What it means for the U.S. construction market.

Expert Viewpoint: The RoHS Directive

Jun 1, 2008 12:00 PM,
By Jon Melchin

What it means for the U.S. construction market.

IT and audiovisual products are found everywhere in buildings that strive to blend
cutting-edge technology and design. RoHS and similar regulations profoundly impact these products. Environmental issues in the audiovisual industry, for example, are particularly broad. In California, AA, AAA, and 9V batteries all need to be shipped to a state-licensed recycling center now—throwing them in the trash is not an option anymore.

The booming construction market in the United States has spawned an increased awareness of the environmental impact of today’s new builds. As a result of this surge in construction, there has been widespread adoption by the architectural community, building owners, and construction professionals of design initiatives that produce sustainable, high-performance structures to minimize the negative impact on public health and the environment. Savvy designers are always looking for products or technologies that can contribute to sustainable design when used effectively.

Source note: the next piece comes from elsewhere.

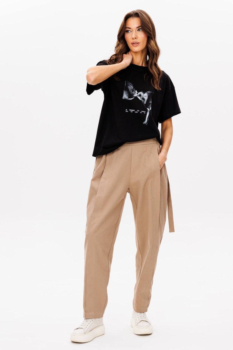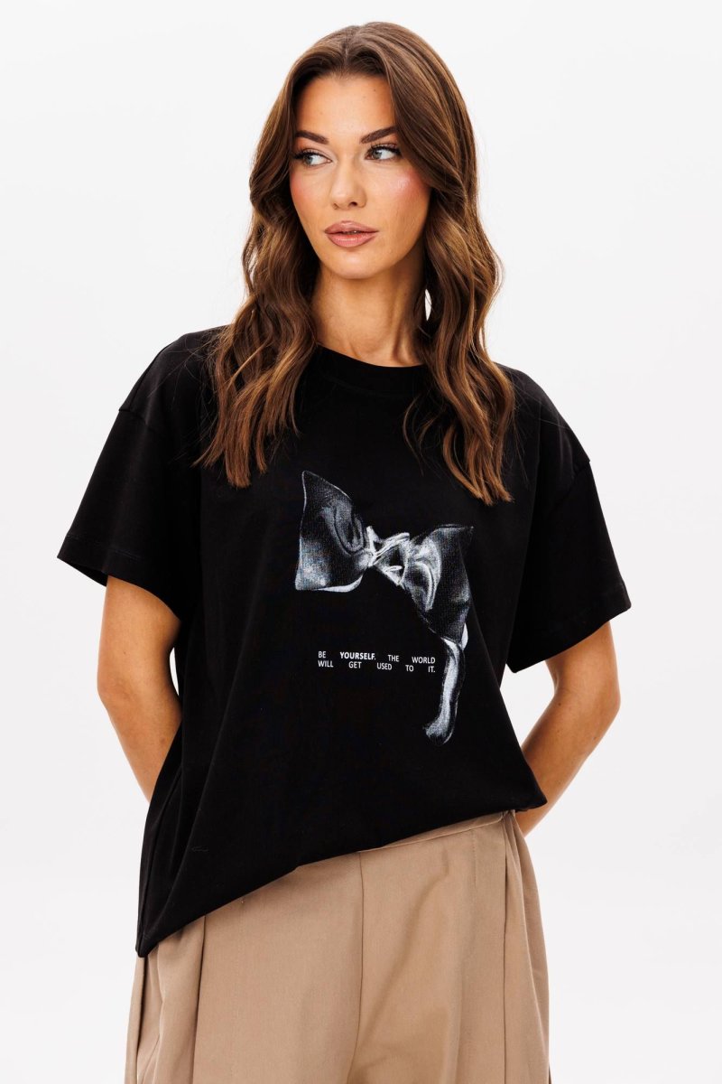 Базовые футболки - это конечно хорошо, но что делать, если хочется привнести в образ яркости, иронии и немного артистизма? Лучший способ выразить себя - выбрать вариант с классным говорящим принтом. Футболка классического кроя с втачным рукавом. Длина футболки около 60 см. Длина рукава около 15 см.

Perhaps more significantly, there has been a tremendous amount of recent media attention drawn to environmental issues such as global warming and pollution, opening the eyes of the public and rippling across governmental entities.

The U.S. Green Building Council’s LEED (Leadership in Energy and Environmental Design) program has given specification guidelines for designers to focus on to achieve green initiatives within the built environment. Reducing environmental impacts, maximizing energy efficiency, and conserving natural resources are all major aspects of LEED. LEED awards points toward multiple levels of green certification for designs that meet the LEED criteria. In one category — Materials and Resources (MR) Credit 4, Recycled Content — LEED allows points for products that are made with pre- and post-consumer materials. Recycling has been mainstream for decades, but a new development is making its way onto the environmentally conscious scene: RoHS (Restriction of Hazardous Substances), a directive established by the European Union that went into effect in July 2006. Although it is still even under the radar of many green specialists in North America, RoHS could soon have substantial impact on the way products are selected for sustainable projects.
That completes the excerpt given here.